Голос показался Стахуру знакомым. Неужели молодой рипнык с рабочего кружка на промысле?
— Кто тут? Не Стахур ли?
— Он самый и есть, — отозвался Богдан, который тянул Стахура за руку к окну. — Иди и ты к окну, Любомир.
Теперь они сидели возле нар под открытым оконцем, сквозь которое в душную камеру проникал свежий воздух.
— Где Андрей Большак? У вас? Тут?
— Был тут, а с вечера его и Мариана Лучевского перевели.
— И Лучевский с вами?
— Да, все время в этой камере.
— А как Большак? Не проговорился?
— Да где там! — с досадой махнул рукой Богдан. — Бог, чтоб покарать человека, отнимает у него разум. Дурья башка! Признался! Говорит: «Не мог я больше, жизнь мне опостылела, не нужна мне больше, проклятая! Не хочу я, чтобы из-за меня люди невинно страдали. Я поджег — меня и карайте. Ну, зачем накликать на себя проклятья жен и детей тех, которых из-за меня схватили? Я, — говорит, — так пану следователю и заявил. Отняли работу, заморили голодом семью, погубили жену с тремя деточками, вот я и отомстил, поквитался с хозяевами. Теперь делайте, что хотите!» Пан инспектор и говорит Большаку: «Дурень ты! Не твоего ума дело — поджечь промысел. Ты лучше признайся, кто тебя научил». Тогда Большак ему в ответ: «Поджечь дело не мудрое, зачем меня учить? Сам я, сам!» А тот свое: «Поджег не ты, подожгло твоими руками тайное общество социалистов. Ты лишь игрушка в их руках. Тебя научили. Тебя научил член тайного общества Степан Стахур. Признайся, дурень, облегчишь свою вину».
Большак стоит на своем: «Чего вы зря возводите напраслину на невинных людей? Я поджег, я и в ответе.

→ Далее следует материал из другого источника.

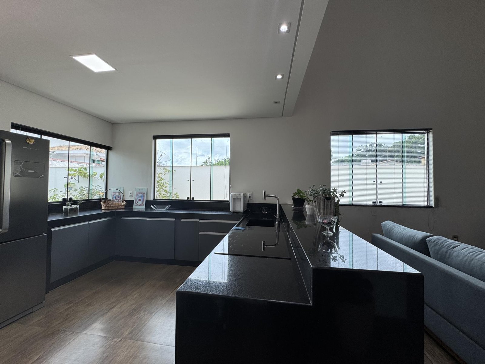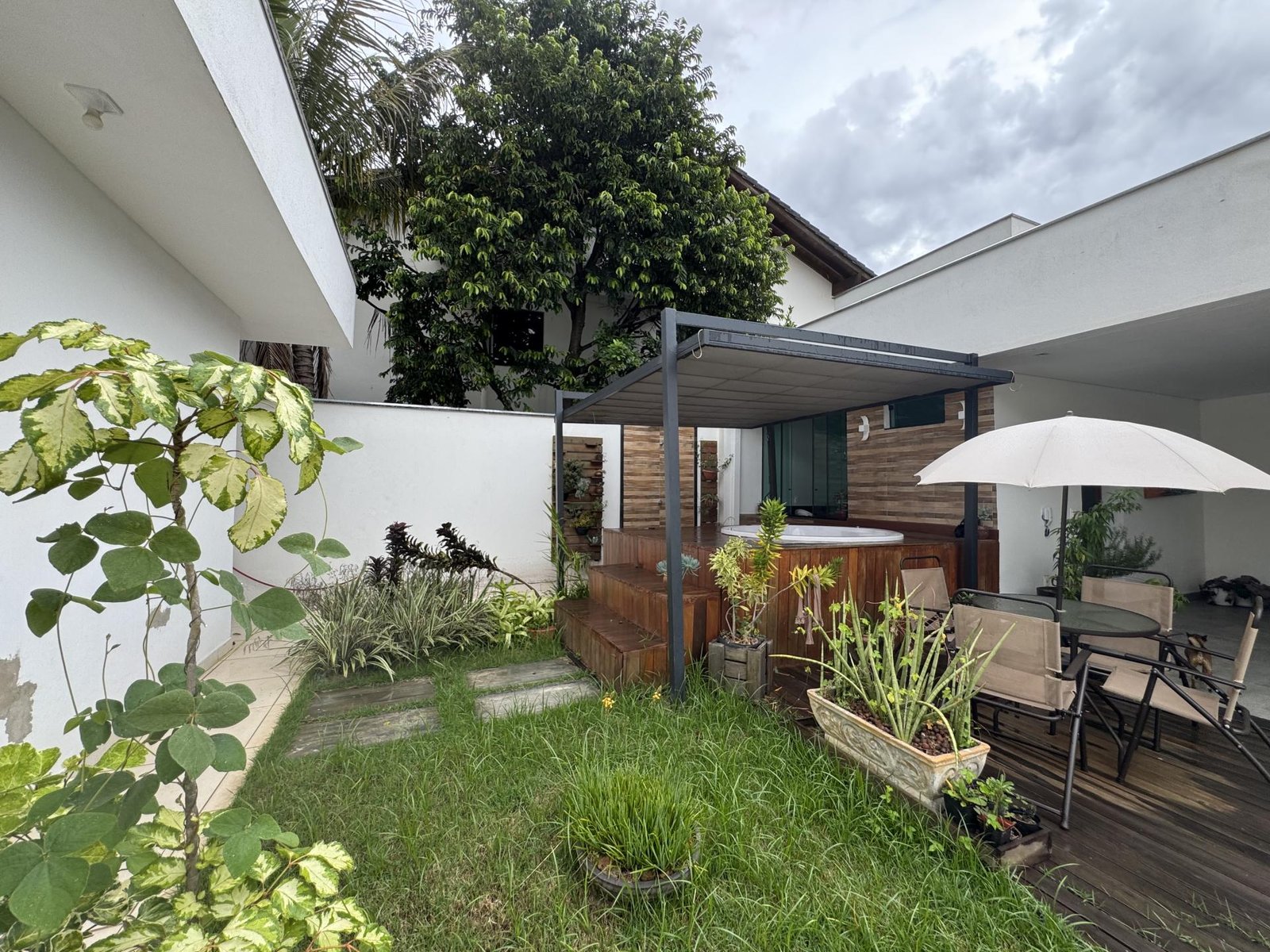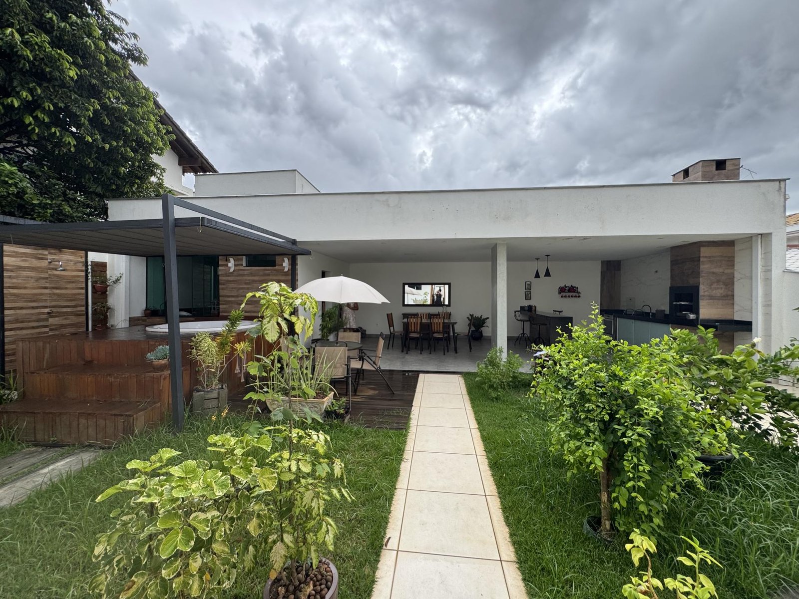 Moderna, plana, de alto padrão, aproximadamente 250m2 de área construída, 3 qtos, 1 suíte com closet, sala p/ 2 ambientes com pé direito duplo integrada com cozinha americana planejada, área gourmet com churrasqueira, spa, banheiro com lavabo, amplo quintal com lindo jardim, lavanderia e 4 vagas de garagem. Uma casa extremamente moderna, ambientes integrados, vista para mata, localizada em um dos bairros mais nobres da cidade, com segurança, imóveis de alto padrão pela vizinhança, além de uma área verde invejável, exclusivamente residencial, opções em comércios e serviços nas avenidas Edmeia Mattos Lazzarotti e Teotônio Parreiros Coelho. Imperdível!!!

А то смотрите, как бы вам за ваше усердие голову не оторвали те, которых вы хотите зря погубить!»
— Молодец Большак! — восхищенно прошептал Стахур. — Я не ошибался, знал, что он не продаст.

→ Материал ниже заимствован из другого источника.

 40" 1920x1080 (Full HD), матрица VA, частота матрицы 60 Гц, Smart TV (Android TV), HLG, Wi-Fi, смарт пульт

— Молодец-то он молодец, — сочувственно сказал Любомир, — да пан инспектор не унимается. Замучили бедного Большака. Утром и вечером допросы, а он твердит одно: «Я поджег, никакого тайного общества не знаю, никто меня не учил».
— Ты расскажи, Любомир, как его пан инспектор вывел из терпения, — усмехнулся Богдан.

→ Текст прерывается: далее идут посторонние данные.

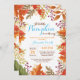 Inbjudan till barnskuret under hösten. Högre Pumpkin-Blommigt.Pojkbabyinbjudan. Orange Blue och Brown.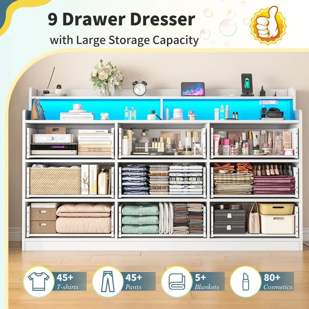 Product Name: Wooden 9-Drawer Dresser for Bedroom with LED Light – Spacious Storage with a Modern Glow

— Так это же умора! — Любомир даже не заметил, как начал говорить полным голосом, и рассказал историю, известную всем в камере: — Начал пан инспектор сулить золотые горы Большаку, только бы тот подтвердил, что это студенты-социалисты с твоей, Степан, помощью научили его, как поджечь промысел. Большак сразу и спрашивает: «Скажите, прошу пана, у вас братья есть?» А тот ему: «Тебе зачем?» Большак — не дурак, говорит: «Я, прошу пана, пятнадцать дней на ваши вопросы отвечаю, а вы на один мой вопрос не хотите ответить!» Тогда пан инспектор и говорит ему: «Ну, нас три брата. Дальше что?» Большак свое: «А сестра есть?» Интересно стало пану инспектору, к чему это Большак клонит. «Да, есть сестра», — отвечает. «Ну вот, а что бы к примеру такое, — говорит Большак, — над вашей сестрой какой-нибудь панычик поглумился?» При этих словах пан инспектор покраснел, как перец осенью, но слушает, не перебивает. «И вот, — ведет дальше Большак, — меньшой ваш брат, самый горячий, возьми да и убей обидчика. Полиция схватила вас всех троих. Наседают на вас, прошу пана, потому, что вы самый старший. Издеваются, пытают, дознаться хотят, кто убил… Говорят вам: если не скажете — ваша вина! Так вы, прошу пана, указали бы на брата?» — «А как же, сказал бы правду как перед богом», — отвечает инспектор. «Я так и знал! — Большак ему. — Чтобы спасти свою шкуру, вы бы и двух братьев разом продали бы, не то что одного…» Пан инспектор и слова ему больше вымолвить не дал, взорвался: «Ах ты, быдло! Да как ты смеешь? Пся крев! Да я тебя, дурня, в тюрьме сгною!» Наш Большак как ни в чем не бывало повернулся к нему спиной и так спокойно говорит: «Поцелуйте меня в задок, прошу пана».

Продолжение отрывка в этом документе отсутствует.